Ensuring that Direct Air Capture Hubs remove carbon in a way that minimizes environmental and social harm will require effective and meaningful community engagement; free, prior, and informed consent; a seat at the decision-making table; and continuous proactive outreach. One way of prioritizing community needs and incorporating communities’ concerns and considerations into siting and decision-making processes, is through Community Benefit Agreements. These legally binding agreements are negotiated by communities and project developers prior to the approval of a project. They generally include provisions for employment, housing, environmental safeguards, and other benefits. All Department of Energy-funded projects under the Bipartisan Infrastructure Law require Community Benefits Plans, which may turn into Community Benefit Agreements.
Another emerging idea is around alternative, or public, ownership models to help expedite the scale up of carbon dioxide removal. For example, following a utility or waste management model where the state plays a role in overall siting and ownership to ensure the infrastructure is built out quickly, safely, with high environmental standards, and access is at-cost, while avoiding monopolies forming in the private sector. Although this model is untested in the United States and requires additional research, it could help ensure that communities benefit from projects, and play an integral role in their design and deployment. One of the three feasibility studies awarded in California is designed to explore these models while prioritizing delivery of meaningful community benefits.
What’s Next for Carbon Dioxide Removal Policy Across the U.S.?
Looking ahead, there is still a lot to be seen in terms of how carbon removal projects are developed and operated. Many of the policies are still pending or have only recently passed. The policies are also largely the first of their kind in the U.S., establishing the foundation of a crucial legislative framework to guide carbon removal developments in California.

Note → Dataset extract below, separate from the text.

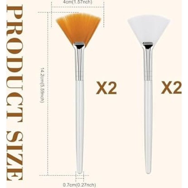 【Ideale Größe für Präzision】Unsere Gesichtsbürste verfügt über eine Fächerform, die eine gleichmäßige Puderverteilung auf Ihrem Gesicht gewährleistet. Die Borsten sind sicher an einem glatten, haltbaren Acrylgriff befestigt, der ca. 10,9 cm misst. Diese Größe macht die Gesichtsfächerbürste bequem und einfach zu halten, perfekt für professionelle Kosmetiker und Heimanwender. Hochwertiges, weiches Material: Diese Fächerpinsel für Kosmetiker sind aus hochwertigen weichen Fasern hergestellt, geeignet für alle Hauttypen, einschließlich empfindlicher Haut. Die anti-empfindlichen Borsten sind sanft und bequem, um Ihrer Haut keinen Schaden zuzufügen. Diese Maskenbürsten für Gesichtsbehandlungen sind auch leicht mit warmem Wasser zu reinigen, was sie zu einer zuverlässigen Ergänzung Ihrer Hautpflegeroutine macht. 【Vielseitige Verwendung】Unsere Gesichtsbürsten Kosmetikerbedarf sind waschbar und verfügen über Griffe, die nach Gebrauch leicht zu reinigen sind. Diese Pinsel sind vielseitig einsetzbar, perfekt zum Auftragen von Rouge, Puder und anderen Kosmetika. Egal, ob Sie einen Gesichtsmaskenpinselapplikator oder ein allgemeines Gesichtsmasken-Applikatorwerkzeug benötigen, diese Bürsten sind der Aufgabe gewachsen. Tragbares und praktisches Design: Diese Gesichtsmaskenbürsten haben Holzgriffe und weiche Faserborsten, wodurch sie leicht und einfach zu tragen sind. Jede Bürste ist sorgfältig verarbeitet, um sie sauber und frei von Schmutz und Öl zu halten. Diese professionellen Werkzeuge für Kosmetiker sind perfekt für unterwegs, passen leicht in Ihre Tasche oder Kosmetiktasche. 【Umfassendes Set】 Sie erhalten 4 Stück Gesichtswerkzeuge für Kosmetiker, die reichlich Menge für verschiedene Anwendungen bieten. Diese Bürsten sind perfekt für erfahrene Profis und Heimanwender und gewährleisten eine langfristige Nutzung. Sie sind auch ein aufmerksames Geschenk für Freunde und Familie, die hochwertige Hautpflegewerkzeuge schätzen. › See more product details; Product description Kategorie: fächerförmige Maskenbürste Farbe: weiß gelb Material: Nylon Funktion: gleichmäßige Anwendung Verabschieden Sie sich von den Problemen, die durch ungleichmäßige Anwendung verursacht werden. Weiche Borsten: sanfte Pflege für empfindliche Haut. Leicht und tragbar: Hautpflege jederzeit und überall. Produktgröße: 10,9 x 1 x 0,7 cm; Product description Kategorie: fächerförmige Maskenbürste Farbe: weiß gelb Material: Nylon Funktion: gleichmäßige Anwendung Verabschieden Sie sich von den Problemen, die durch ungleichmäßige Anwendung verursacht werden. Weiche Borsten: sanfte Pflege für empfindliche Haut. Leicht und tragbar: Hautpflege jederzeit und überall. Produktgröße: 10,9 x 1 x 0,7 cm; Kategorie: fächerförmige Maskenbürste Farbe: weiß gelb Material: Nylon Funktion: gleichmäßige Anwendung Verabschieden Sie sich von den Problemen, die durch ungleichmäßige Anwendung verursacht werden. Weiche Borsten: sanfte Pflege für empfindliche Haut. Leicht und tragbar: Hautpflege jederzeit und überall. Produktgröße: 10,9 x 1 x 0,7 cm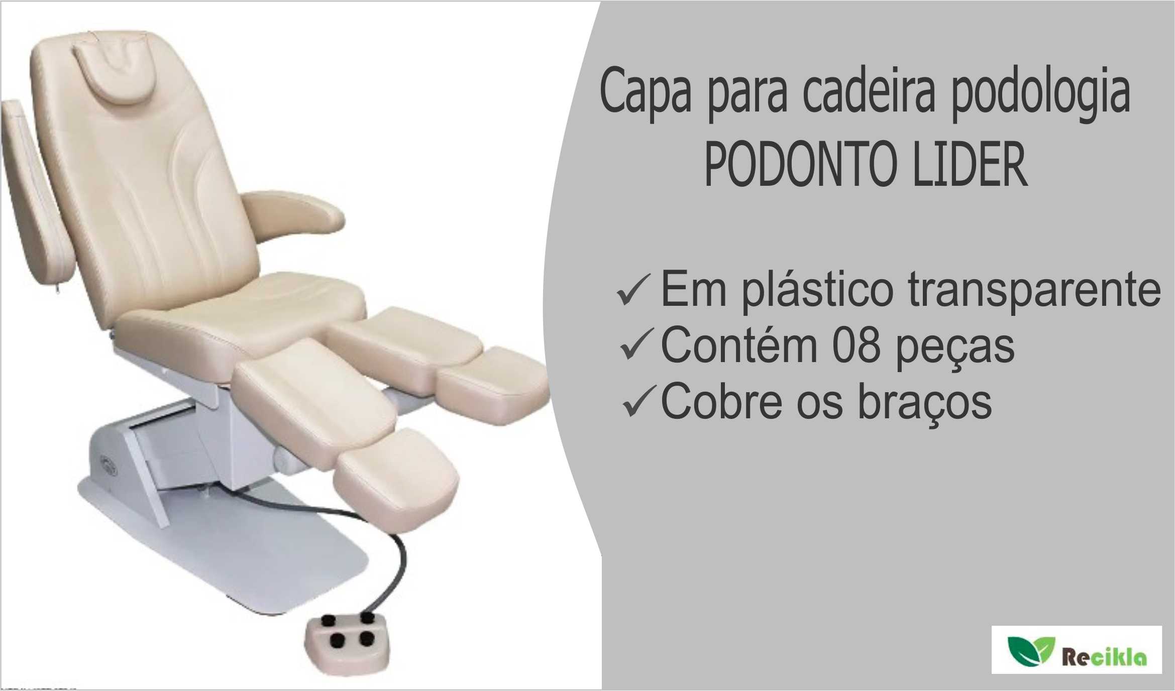 Capas plástica para Cadeira de Podologa Podontolider em plástico transparente super resistente nº 15 cristal, ótima adaptação da capa no equipo, encaixe profissional, não sai quando o cliente senta, fácil de instalar, fácil de tirar, fica bem fixa na cadeira.

Although states across the U.S. have different political contexts and levels of interest in climate policy, the way that California has approached carbon removal in policy can provide valuable insights if not a model for other states on how to ensure carbon dioxide removal does not take away from emissions reduction, how to create a potential financing backstop and how to establish a comprehensive state-level regulatory framework. At the same time, given the magnitude of California’s commitment toward carbon removal — 75 million metric tons of CO2 per year by 2045 — there is still room for additional innovation and creativity to help achieve this ambitious goal.